Wenn Kinder an Regelschulen an ihre Grenzen stoßen, können sie jederzeit auf die Förderschule wechseln. Umgekehrt gab es aber auch eine Reihe von Schülern, bei denen festgestellt wurde, dass ein sonderpädagogischer Unterstützungsbedarf nicht mehr nötig ist. Martin Schmidt erinnert sich an einen ganz besonderen Fall: „Vor ein paar Jahren saß eine Schülerin weinend in meinem Büro. Sie besuchte damals ein Gymnasium in Düsseldorf und erzählte mir, dass sie mit dem Lehrstoff super klar komme, sie sich mit ihrer Hörbehinderung aber nicht ernst genommen fühlt“, sagt Schmidt. Das Mädchen berichtete, dass Lehrerinnen sich weigerten, das digitale Übertragungsgerät zu nutzen, weil es nicht zum Design ihrer Bluse passe. „In Klasse 8 wechselte die Schülerin an unsere Förderschule und machte hier den mittleren Schulabschluss mit Qualifikation für die gymnasiale Oberstufe.
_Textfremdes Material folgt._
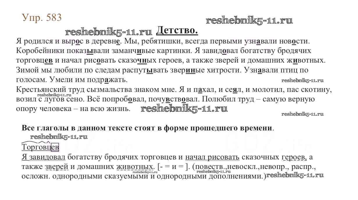 Готовая домашняя работа с ответами по Русскому языку за 6 класс Баранов, Ладыженская, Тростенцова, Григорян, Кулибаба Учебник Часть 1, 2 Просвещение 2015 ФГОС - Упражнения 583

Sie wechselte dann an ein anderes Düsseldorfer Gymnasium und hat dort vergangenes Jahr Abitur gemacht.“

Kinder lernen ihre Rolle als Hörgeschädigte zu akzeptieren

Für Schulleiter Martin Schmidt gehören solche Erlebnisse zu den „großartigen“ in seinem Job. „Es ist der beste Job der Welt“, sagt er gerne, wenn er von seinem Alltag spricht. „Man kann so viele Dinge erreichen, wenn man im Team gut zusammenarbeitet.“ Und gleichzeitig betont er immer wieder: „Wir können nicht heilen. Wir sind keine Ärzte. Aber wir haben das Verständnis, dass die Schüler, die uns besuchen, einen großen Rucksack mit sich herumtragen. Wir helfen, ihn leichter zu machen, aber wir können den Rucksack nicht abnehmen.“ Leichter wird der Rucksack dadurch, dass die Kinder und Jugendlichen an der Schule lernen, mit ihrem Handicap umzugehen, ihre Rolle als Hörgeschädigte zu akzeptieren und selbstbewusst damit umgehen. „Wir wollen unsere Schüler bestmöglich auf den Schulabschluss vorbereiten. Aber wir haben erst gewonnen, wenn ein Jugendlicher im Bewerbungsgespräch so selbstbewusst ist, dass er dem Gegenüber seine Bedürfnisse klar formuliert“, sagt Schmidt. Und das bedeute: „Bevor wir anfangen, beachten Sie, ich bin hörgeschädigt. Denken Sie daran, dass sie mich angucken, wenn Sie mit mir sprechen. Sie sollten langsam, aber nicht laut mit mir sprechen.“

Julia hat diesen Schritt noch vor sich. Selbstbewusst ist die 17-Jährige aber definitiv: Sie hat sich vor die Schülerschaft gestellt und zur Schülersprecherin wählen lassen. Nach ihrem Abschluss möchte Julia ein Berufskolleg besuchen, um ihren Realschulabschluss zu machen. Die Förderschule hat sie lieben und schätzen gelernt. „Man kann sich hier aufeinander verlassen“, sagt sie. Nur Mathe, das kann sie so gar nicht leiden.